PFAS-LEACH analytical model: a graphical tool for evaluating PFAS soil-to-groundwater leaching and site-specific soil screening levels
Min Ma1, Jacob Smith1, Mark L.Brusseau1,2, Bo Guo1,*
1Department of Hydrology and Atmospheric Sciences, University of Arizona, Tucson, AZ
2Department of Environmental Science, University of Arizona, Tucson, AZ
PFAS-contaminated soils represent persistent sources of groundwater pollution due to their unique retention mechanisms in the vadose zone, particularly adsorption at air–water interfaces. While detailed numerical transport models can explicitly simulate these processes, they require extensive site-characterization data and substantial computational resources, limiting their practicality for screening-level assessments across the large number of PFAS-impacted sites. There is therefore a critical need for computationally efficient analytical tools that adequately capture PFAS-specific transport processes. We present PFAS-LEACH Tier 3-4, an Excel-based analytical tool for simulating PFAS leaching through the vadose zone and deriving site-specific soil screening levels (SSLs). The tool employs analytical solutions that account for advection–dispersion transport, rate-limited solid-phase sorption, and air–water interfacial adsorption, coupled with a groundwater dilution model consistent with the U.S. EPA framework.

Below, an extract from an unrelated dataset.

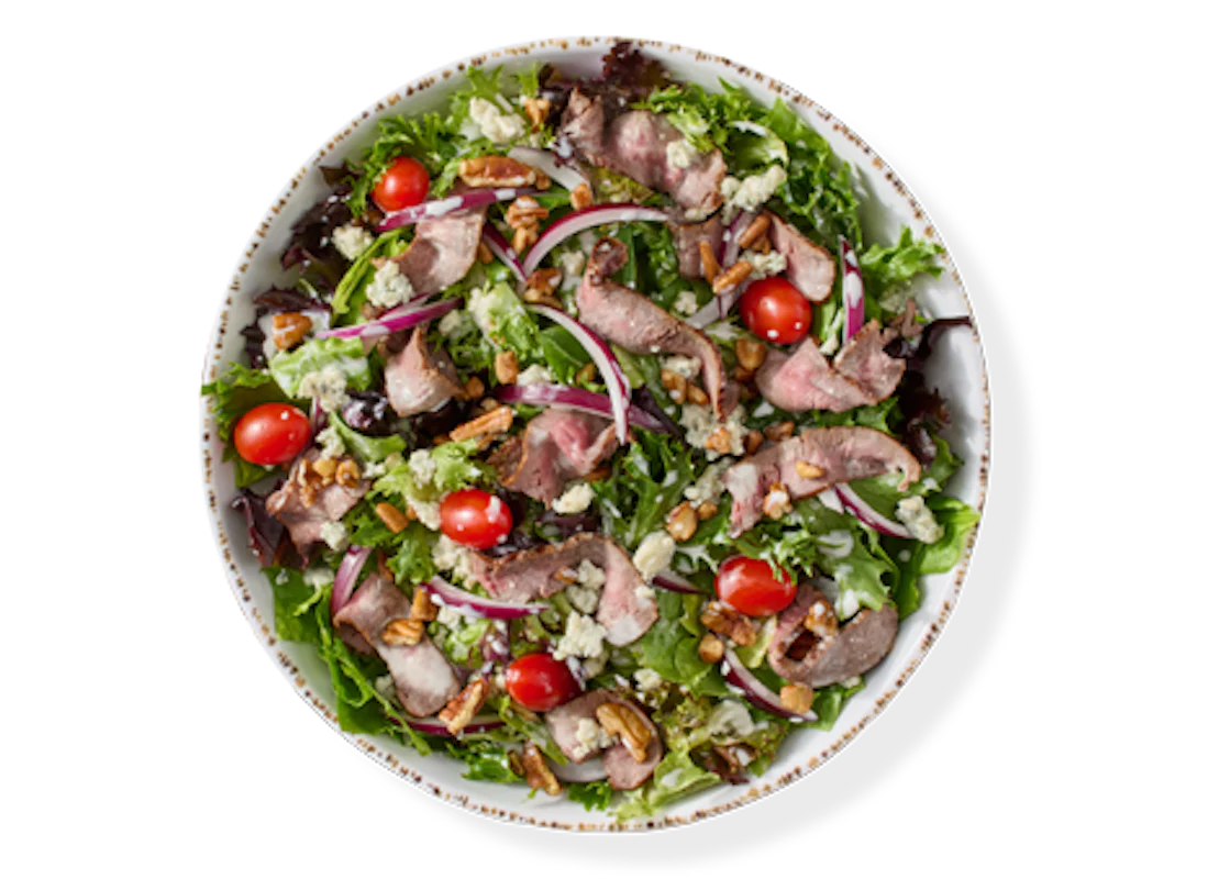 6oz Sliced sirloin steak, mixed greens, pecans, grape tomatoes, red onions, Bleu Cheese, with Bleu Cheese dressing

PFAS-LEACH Tier 3-4 supports both deterministic and probabilistic analyses, including parameter sensitivity analysis and Monte Carlo uncertainty quantification, with built-in QSPR-based parameter estimation routines to reduce input requirements when site-specific measurements are unavailable. The tool is demonstrated through case studies at two PFAS-impacted military sites: one evaluates model-predicted vadose-zone PFAS mass discharge against field-based estimates, and the other illustrates probabilistic SSL derivation under parameter uncertainty. Results demonstrate that PFAS-LEACH Tier 3-4 produces physically consistent and practical estimates of PFAS leaching behavior, groundwater impacts, and SSLs, supporting risk-based decision-making at contaminated sites.